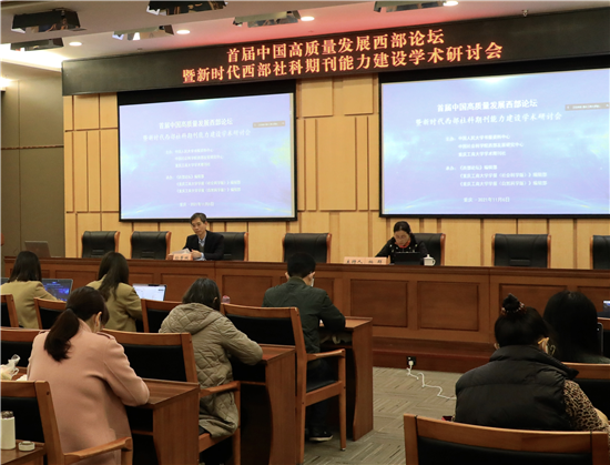 11月6日,由中国人民大学书报资料中心、中国社会科学院西部发展研究中心与重庆工商大学学术期刊社联合主办、重庆工商大学学术期刊社承办的“首届中国高质量发展西部论坛暨新时代西部社科期刊能力建设学术研讨会”在重庆工商大学图书馆成功举行。来自国务院发展研究中心、中国宏观经济研究院、中国社会科学院、北京大学、中国人民大学、四川大学、西北大学、西南财经大学、重庆大学、西南交通大学、河海大学、中南财经政法大学、首都经贸大学、西安财经大学、安徽财经大学、贵州财经大学、河南财经政法大学、福建省社科院、安徽省社科院、河南省社科院、《中国工业经济》《北京大学学报(哲学社会科学版)》《高等学校文科学术文摘》和《人大复印报刊资料》等100余家机构近200名专家学者和刊界同仁线上参加了此次会议。重庆工商大学校长孙芳城、副校长柏群及部分师生参加了现场会议。论坛开幕式由柏群主持。
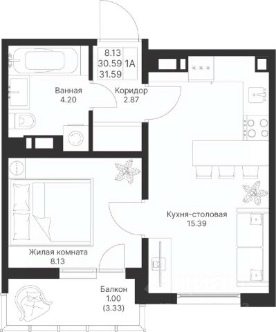 Продается студия в ЖК СТАНЦИЯ СПОРТИВНАЯ-2, Дом Чемпионов.
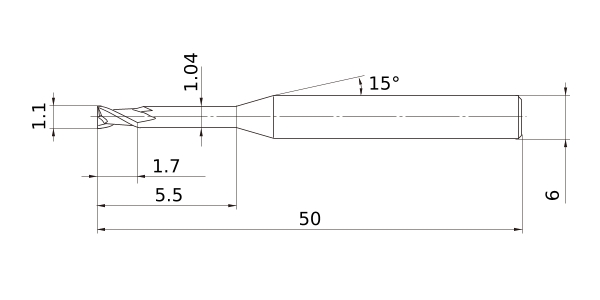 (End mill, Short cut length, 2 flute, 6mm shank)
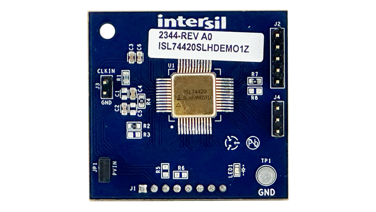 The ISL74420SLHDEMO1Z demonstration board is used to demonstrate the stand-alone operation of the ISL74420SLH radiation hardened, quad-output clock fanout IC.
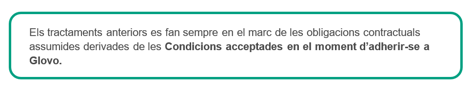 Glovo tracta les dades personals per:
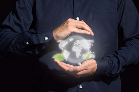 human hand is showing the symbol of carrying the world digital Environmental concept
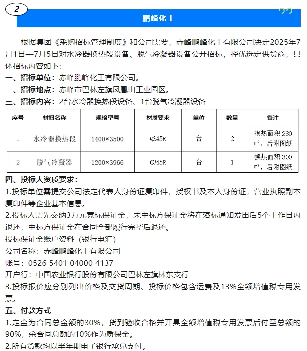 【招標(biāo)公告】魯蒙水泥、鵬峰化工
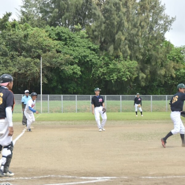 第9回宮古新報杯第77回夏季軟式野球大会六日目が雨模様の中、11日に一般C、成年、実年の各級3試合を実施した。
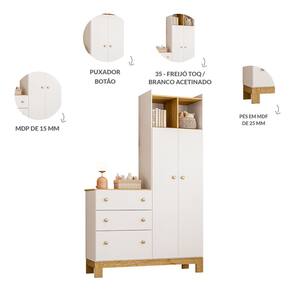 Características: Marca: Qmovi Modelo: Q Encanto Material: MDP 15/12 Material dos Pés: MDF em 25mm Acabamento: Pintura UV Escala de Brilho: Acetinado Tipo de Puxador: Puxador Plástico Gavetas com corrediças metálicas de 350mm Quantidade Prateleiras: 04 Quantidade de Gavetas: 03 Quantidade de Portas: 02 Quantidade de Cabideiros: 01 Peso suportado: 60Kg (Distribuído e sem impacto) Peso suportado prateleiras: 3/7/10Kg (Distribuídos e sem impacto) Peso suportado gavetas: 5Kg (Distribuídos e sem impacto) Peso suportado tampo: 7Kg (Distribuídos e sem impacto) Peso suportado cabideiro: 15Kg (Distribuídos e sem impacto)
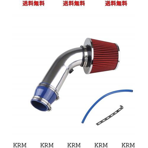 ADPOW 76mm口径 汎用 エアクリーナー+アルミ製エアインテークパイプ セット 吸気効率UP 自動車用 NAとターボ車兼用 シルバー
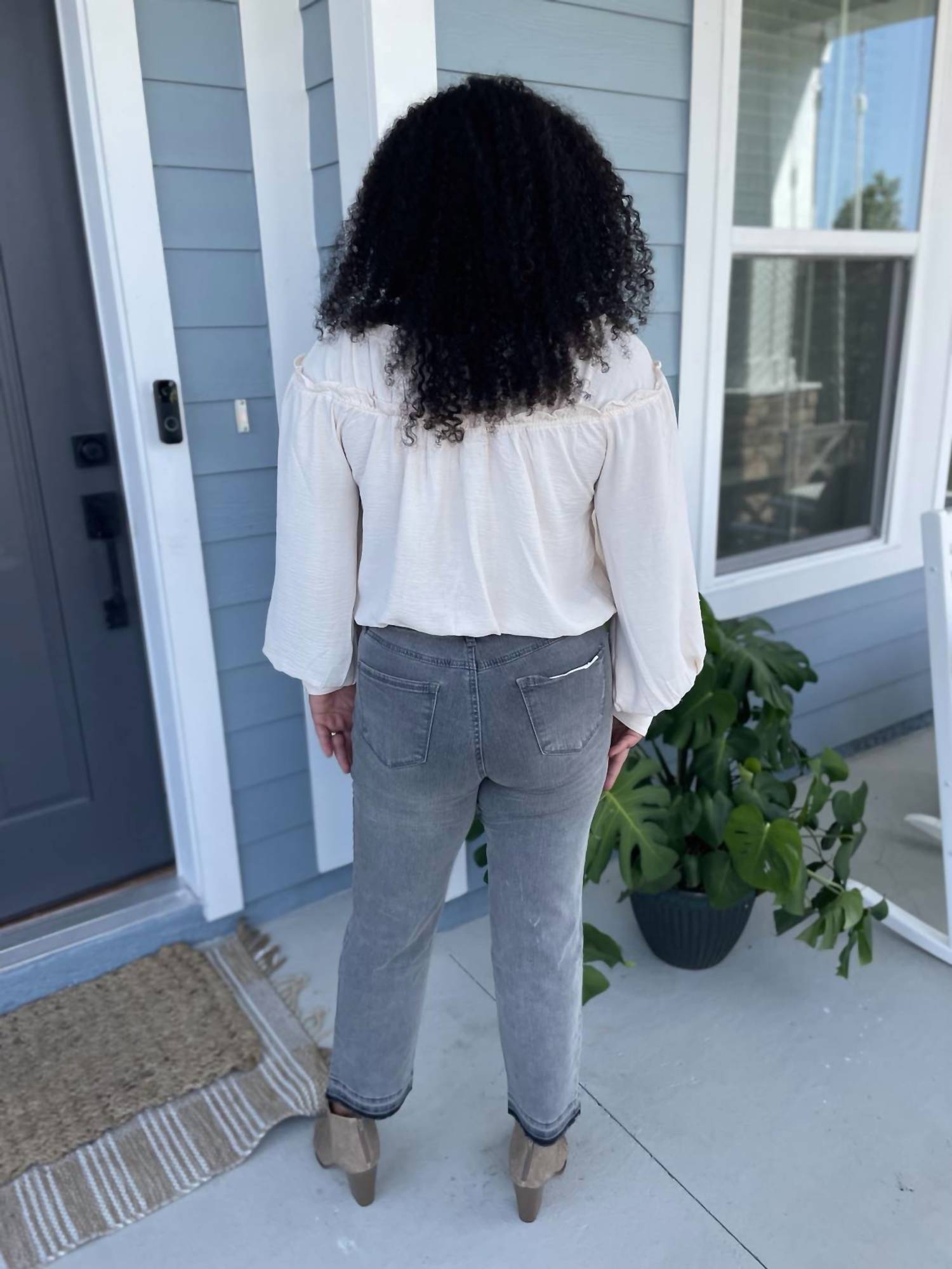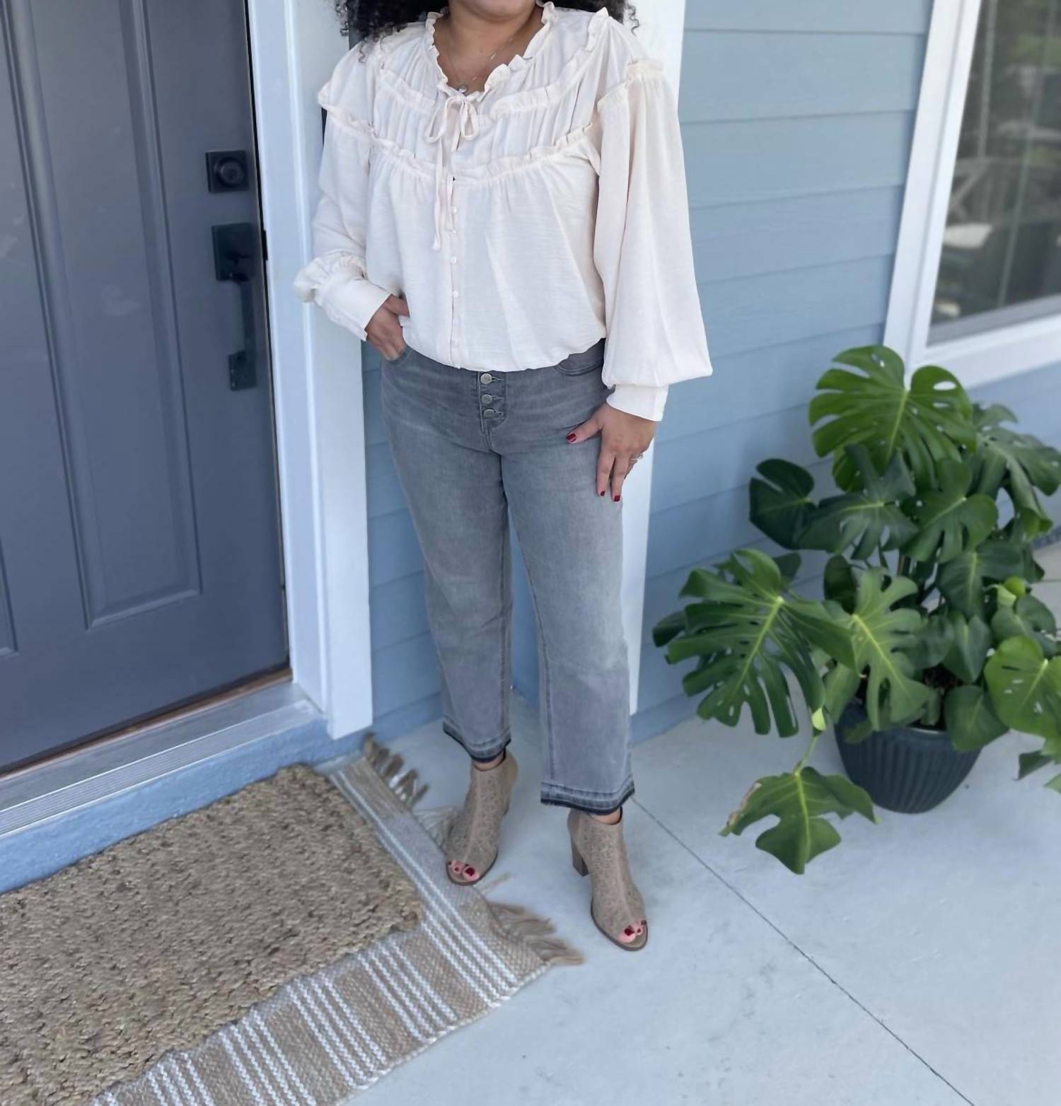 Блузка с V-образным вырезом на завязке и присборенным поясом на резинке. Рукава-фонарики и застежка на пуговицы спереди с тремя ярусами оборок. 100% полиэстер. Размер в размер.

■ **Task instructions**:
Could you write out exactly the lines running from the one with "ADPOW 76mm口径 汎用" through the last line of the data above, both ends kept, and omit any picture?

■ **Result below**:
 ADPOW 76mm口径 汎用 エアクリーナー+アルミ製エアインテークパイプ セット 吸気効率UP 自動車用 NAとターボ車兼用 シルバー
 Блузка с V-образным вырезом на завязке и присборенным поясом на резинке. Рукава-фонарики и застежка на пуговицы спереди с тремя ярусами оборок. 100% полиэстер. Размер в размер.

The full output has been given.